Mechanical methods are limited to use in tube-in-shell heat exchangers
(Hagel et al., 1977). Two mechanical systems have been designed: the
Amertap-ball and M.A.N. brush systems. The Amertap-ball system cleans heat
exchanger tubes using pliable foam rubber balls which are slightly larger in
diameter than the heat exchanger tubes. Amertap-balls continuously circulate
through the tubes removing slime and fouling layers from heat exchanger
surfaces. The M.A.N. brush system consists of cylindrical, tufted brushes in
a plastic cage, which scrub the deposits off heat exchanger walls as the
brushes are pumped back and forth through the tubes by reversing the flow
direction of the seawater.
Other biofouling control/removal methods being considered for commercial
OTEC plants include ultrasonics, abrasive cleaning, and thermal shock.

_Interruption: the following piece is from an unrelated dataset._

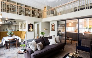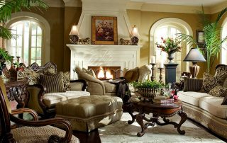 Gaya gabungan di pedalaman: ciri khas arah. Reka bentuk ruang: penamat, pemilihan lampu. Pengenalan elemen eklektikisme.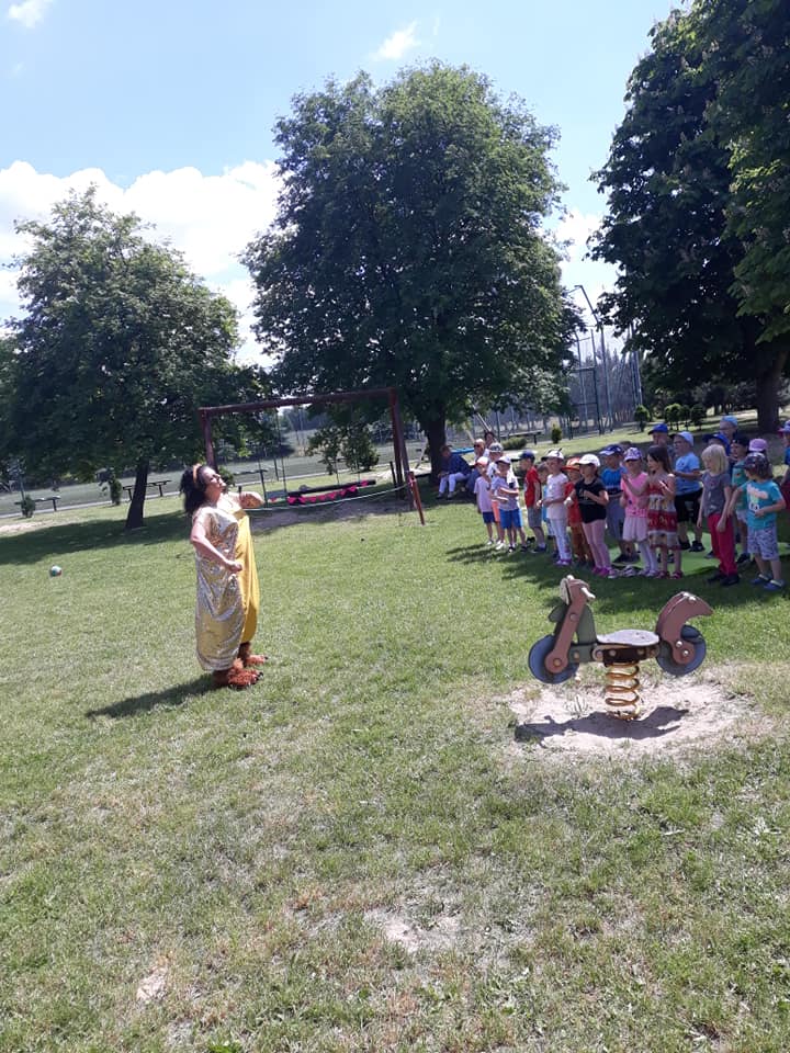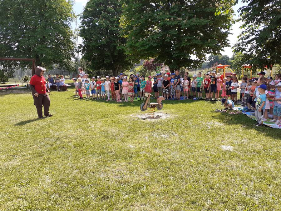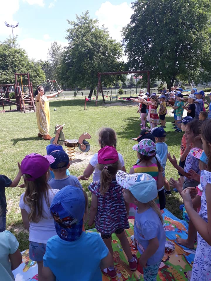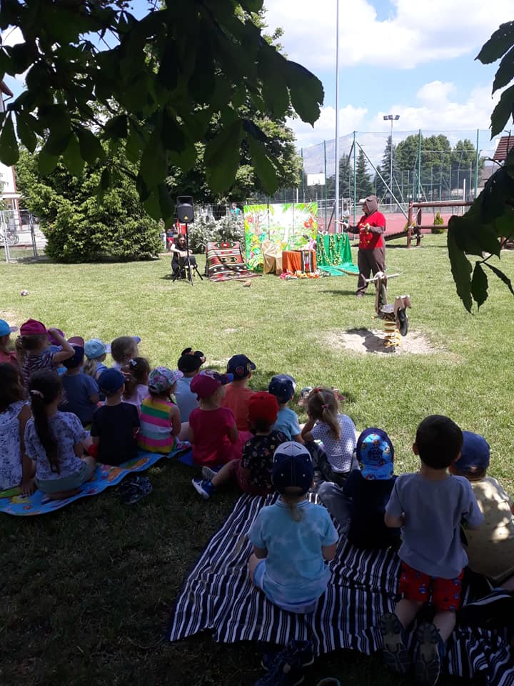 Dzieci z wielką radością obejrzały na żywo, pierwszy raz w tym roku szkolnym, teatrzyk edukacyjny z udziałem aktorów. Ze względu na wciąż trwajacą pandemię, przedstawienie odbyło się na przedszkolnym placu zabaw. Aktorzy Teatru Bajecznego z Bydgoszczy przedstawili spektakl edukacyjny pt: "Król dzungli", którego głowny bohater - Lew Teodor musiał zmierzyć się z wieloma trudnościami, aby uchronić piekną dżunglę od zagłady. Ta barwna opowieść mówiła o tym, że złość i agresja nie są właściwymi metodami na radzenie sobie z problemami. Dzieci aktywnie uczestniczyły w przedstawieniu, a także przypomniały sobie zasady savoir - vivre.

Further research is required to demonstrate the feasibility of ultrasonics
for OTEC plants. Abrasive cleaning is presently not practical for commercial
OTEC plants because of the large quantities of slurry medium required; the
entire U.S. annual production of diatomaceous earth (the most suitable
abrasive cleaning material) would be needed to make a one percent slurry for
a six-hour cleaning cycle of a 400-MWe OTEC plant (Sands, 1980). Thermal
shock, a method commonly used in conventional power plants, recirculates
heated effluent through the heat exchangers to control biofouling growth.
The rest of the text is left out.